The ALA baseline survey effort reveals knowledge gaps across the western and arid interior of Australia and remote localities of northern Australia for most taxonomic groups (Appendix Figures S3.2–S3.7). Some of these gaps were filled by specific Bush Blitz expeditions, which individually accounted for a reduction in ED of between 0.12% for vascular plants and 1.68% for Araneae, in units of average species dissimilarity (mean across the six taxa is 0.78%; Appendix Table S2.3). Background observations on the other hand accounted for a reduction of between 0.59% for vascular plants and 3.10% for Lepidoptera in average species dissimilarity (Appendix Table S2.3). Improvements in ED coverage contributed by ALA background or Bush Blitz varied by taxa: Bush Blitz improvements were greatest for Araneae and land snails, while ALA background improvements were greatest for Lepidoptera and amphibians (Figure 4, Appendix Table S2.3).
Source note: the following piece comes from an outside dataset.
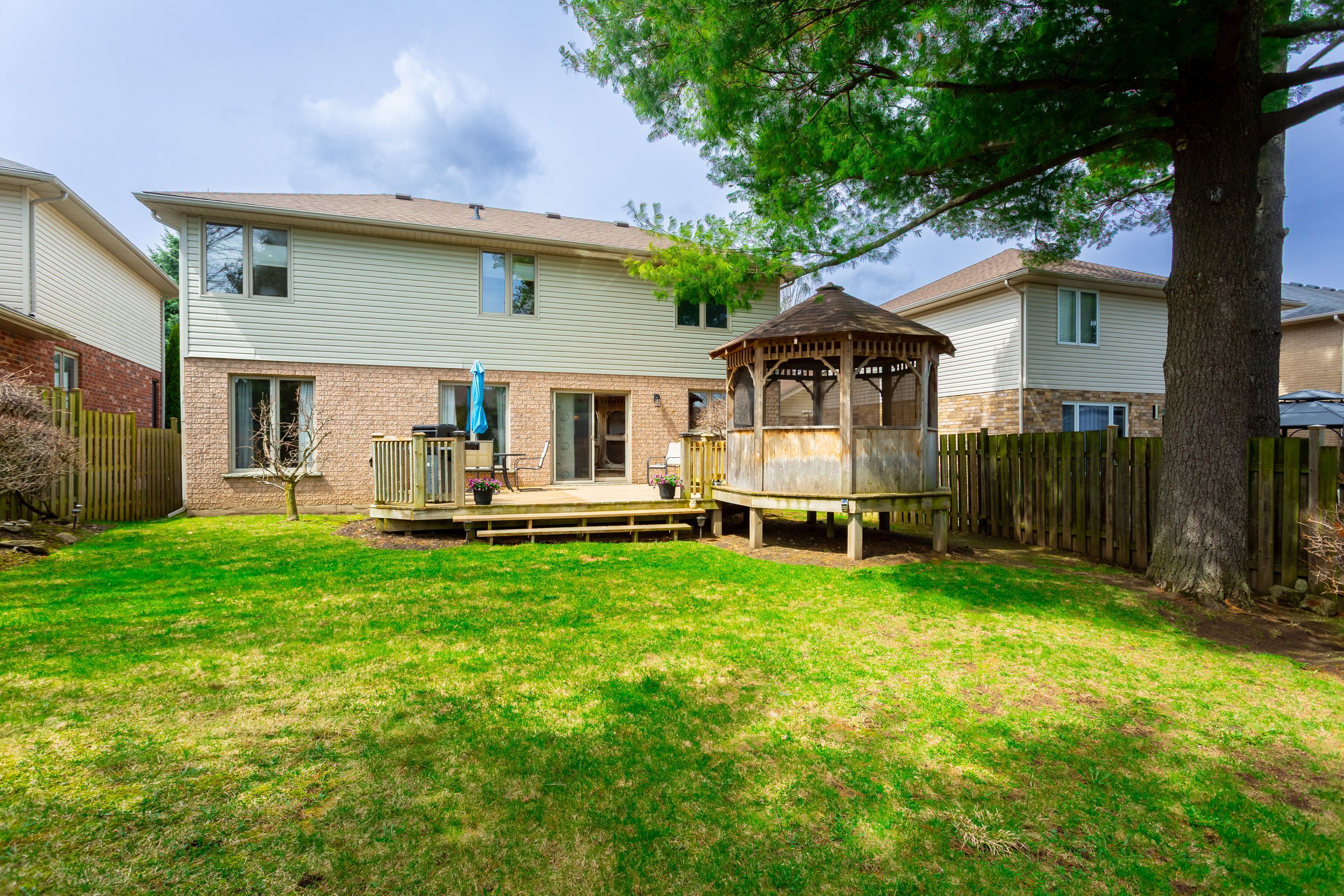 • Large fully fenced yard with a screened gazebo and generous deck.

3.3 Efficiency with which new records of species were accumulated

For all taxa, Bush Blitz expeditions generated more records of new, or previously unrecorded, species and at a much faster rate (i.e. more efficiently) than ALA background records (Figure 5). This was evident irrespective of whether new records of species were tallied chronologically, or in the order they sampled gaps in ED (using the p-median algorithm). However, records of new, or previously unrecorded, species were more often accumulated faster when the order of sites from which additional records were tallied was determined by the p-median algorithm irrespective of the Bush Blitz or ALA background source. The order of Bush Blitz sampling for three taxa (Araneae, Lepidoptera and vascular plants) by date or by ED complementarity appeared to make less difference to the rate of accumulation of records of new, or previously unrecorded, species (less separation in the curves). These were the more species rich of the six groups analysed. The accumulation rate of records of new, or previously unrecorded, species is sensitive to how comprehensively each group was surveyed at baseline and at each survey location subsequently, and the Bush Blitz targeted survey methodology did not necessarily aim to achieve comprehensive sampling of all potential species at all sites.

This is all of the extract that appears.